Friday, March 18, 2011

Attempts' Accidental Poetry Month Continues: Hollander's Anthology of Good Poetry to Memorize

Anyone who's been coming by Attempts regularly may have noticed that I've been putting up a lot of poetry this month -- seven entries under the Poems (Entire) tag so far in March (not to mention three last February too). There is, as usual, no particular reason for this -- I happened to come across a bunch of poems I liked and wanted to share, so I put 'em up.

Now, in most cases there was an occasion of sorts: I put up a poem by Wendy Cope in connection with a related poem my students were reading for my class, and a poem by Seamus Heaney for St. Patrick's Day; the multiple translation of Li Bai's poem was occasioned by my finding and recommending a new poetry site*; and the poems by Robert Frost and George Eliot both related to quotations that I have long loved. The poem by Richard Wilbur I... discovered and liked. Okay, no occasion there. But even if there were motivations in most cases, the coincidence of this being such a poetry-heavy month here has been just that, a coincidence. So far as I know.

However, I've decided to go with it, and declare March to be Accidental Poetry Month™ here at Attempts, and put up a bunch more poems and poetry-related program activities, because... I found a bunch more I wanted to post, so why not?

Today we have not an individual poem, but a poetry anthology, online in its entirety. I'll let the editor of the relevant site take it away from here:
In 1995, the Academy [of American Poets] commissioned poet John Hollander to assemble a poetry anthology that emphasized the pleasure of memorization and recitation.
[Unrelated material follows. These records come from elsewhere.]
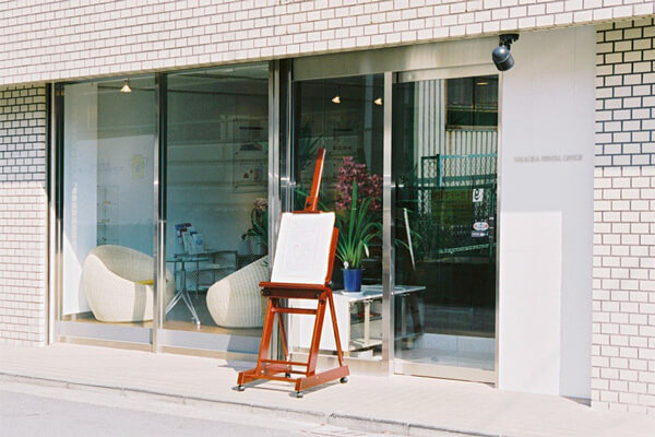 スタンド看板が医院正面にあります。当院正面はガラスになっており、入り口は向かって右側の自動ドアです。
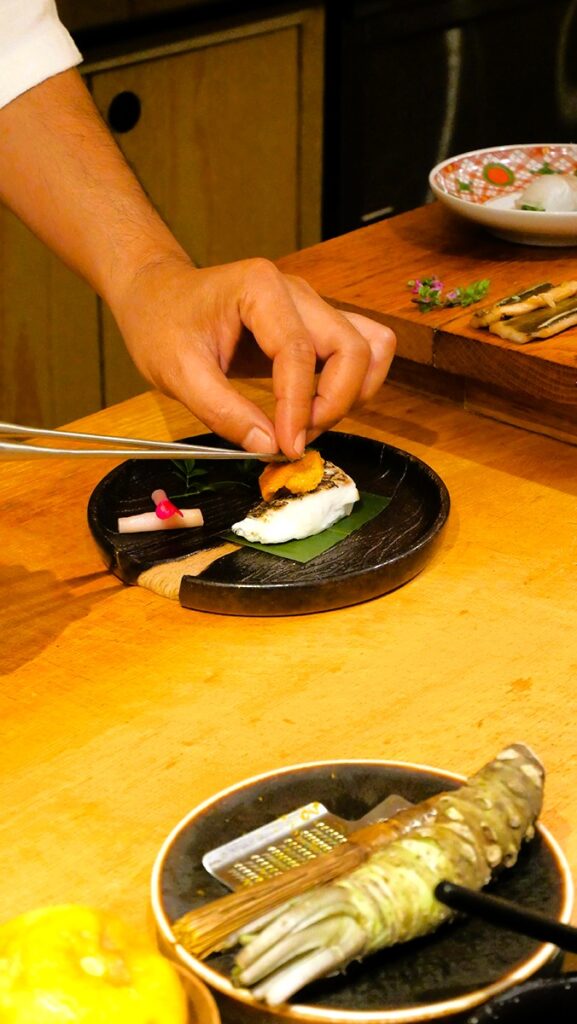 แต่ละเมนูล้วนถูกรังสรรค์ให้แตกต่างออกไปตามฤดูกาลและวัตถุดิบในแต่ละวัน ตั้งแต่ปลาขาวเนื้อละเอียด ไปจนถึงปลามันรสลึก ทุกคำสะท้อนความเข้าใจอย่างลึกซึ้งในธรรมชาติของวัตถุดิบและประสบการณ์ของเชฟ โดยไม่จำเป็นต้องพึ่งพาซอสหรือเครื่องปรุงที่เกินความจำเป็น
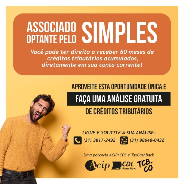 Pensando sempre em novos benefícios para nossos associados, a ACIP/CDL lança mais uma novidade! Em parceria com a a Tax Cash Back (TCB.CO), estamos oferecendo uma análise gratuita para recuperação de créditos tributários. Segundo o IBGE, 95% das empresas optantes pelo SIMPLES, dos mais variados segmentos, pagam impostos indevidamente, relativos ao PIS/COFINS monofásico. O crédito […]
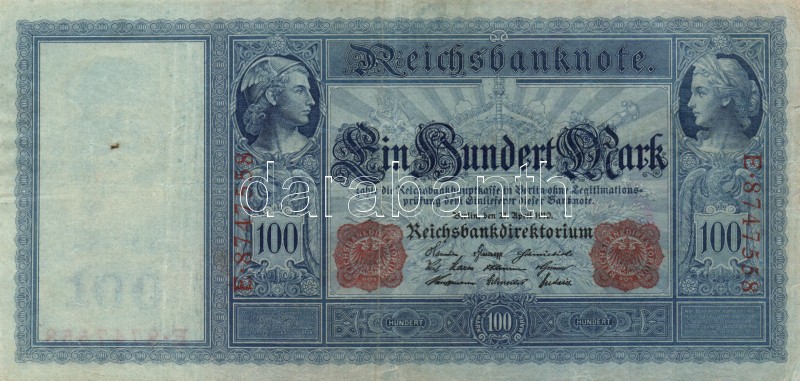 Német Birodalom / Császárság 1910. 100M T:III + 1914. 50M 6 jegyű sors... https://www.darabanth.com/en/164-Online-auction/164.0/Numismatics/Foreign-banknotes~2000105/Nemet-Birodalom-Csaszarsag-1910-100M-TIII-plus-1914-50M-6-jegyu-sorszammal-TIII-plus-Nemet-Bi~II541752

The result was Committed to Memory...
...which is online at the site of the Academy of American Poets: the link goes to his introduction, which is followed by the list of 100 poems with links to each.

It's a fun list, I think. I like memorizing poetry, and looking over the list there are ten poems on it I've memorized in their entirety, and another dozen or more that I have significant chunks of. (I often, irritatingly, will find I know most of a poem but be unable to get a few lines straight.) Even if you're not particularly interested in memorizing poetry per se, it's a good little anthology of poems, largely fairly short (for the obvious reason), the longest one being Tennyson's Ulysses, (which is a favorite of mine and one of those that I've got about half memorized), clocking in at 73 lines. The rest are shorter, mostly considerably so -- a lot of sonnets, for the obvious reason.

Editor Hollander does say something about about some poems being too short as well as too long -- a sentiment that makes no sense to me: if he means too short to memorize, it's just bizarre; if he means (as I assume he does) poems to short to memorize and really count, then I at least understand the sentiment, but I think it's pretty silly. The advantage of him so doing, however, is that he quotes, in its entirety, an example of a too-short-to-memorize poem, a marvelous little couplet by John Donne that I'd never read before. (Thus, of course, giving it as a poem to memorize -- and upping his total to the Scheherazadianly pleasing 101 from the overly-round 100.**)

The poem is an epitaph (Hollander's word) for Hero and Leander; for those who don't know the story, here is how Wikipedia tells it***:
Hero and Leander is a Byzantine myth, relating the story of Hērō, a priestess of Aphrodite who dwelt in a tower in Sestos on the European side of the Dardanelles, and Leander, a young man from Abydos on the opposite side of the strait. Leander fell in love with Hero and would swim every night across the Hellespont to be with her. Hero would light a lamp at the top of her tower to guide his way. Succumbing to Leander's soft words, and to his argument that Aphrodite, as goddess of love, would scorn the worship of a virgin, Hero allowed him to make love to her. This routine lasted through the warm summer. But one stormy winter night, the waves tossed Leander in the sea and the breezes blew out Hero's light, and Leander lost his way, and was drowned. Hero threw herself from the tower in grief and died as well.
Wikipedia also notes that the myth is the subject of two far more famous (and much longer) poems, by Christopher Marlowe (which contains the famous line "Who ever loved, that loved not at first sight?"****) and a later one by Leigh Hunt (which so far as I know contains no particularly famous lines).

At any rate, with that as background, here is Donne's complete poem:
Hero and Leander.

Both robb'd of air, we both lie in one ground ;
Both whom one fire had burnt, one water drown'd.
Not a bad little poem, as even Hollander recognizes; in fact, he gives a little half-sentence reading of it, which hits the high points, noting "its invocation of the four elements and its interplay of 'both' and 'one'".

Good grief, why not memorize it? I mean, it's short...

But if you want some longer poems to memorize -- or just read -- check out Hollander's anthology. And check back here in a day or two, as Attemps' Accidental Poetry Month™ continues!!

_______________
* New to me, anyway.

** A deliberate irony on his part? Or unnoticed? I have no idea.

*** At least as of this writing, who knows how it'll be edited tomorrow...

**** Is that a rhetorical question? Because if not, I can think of a few examples.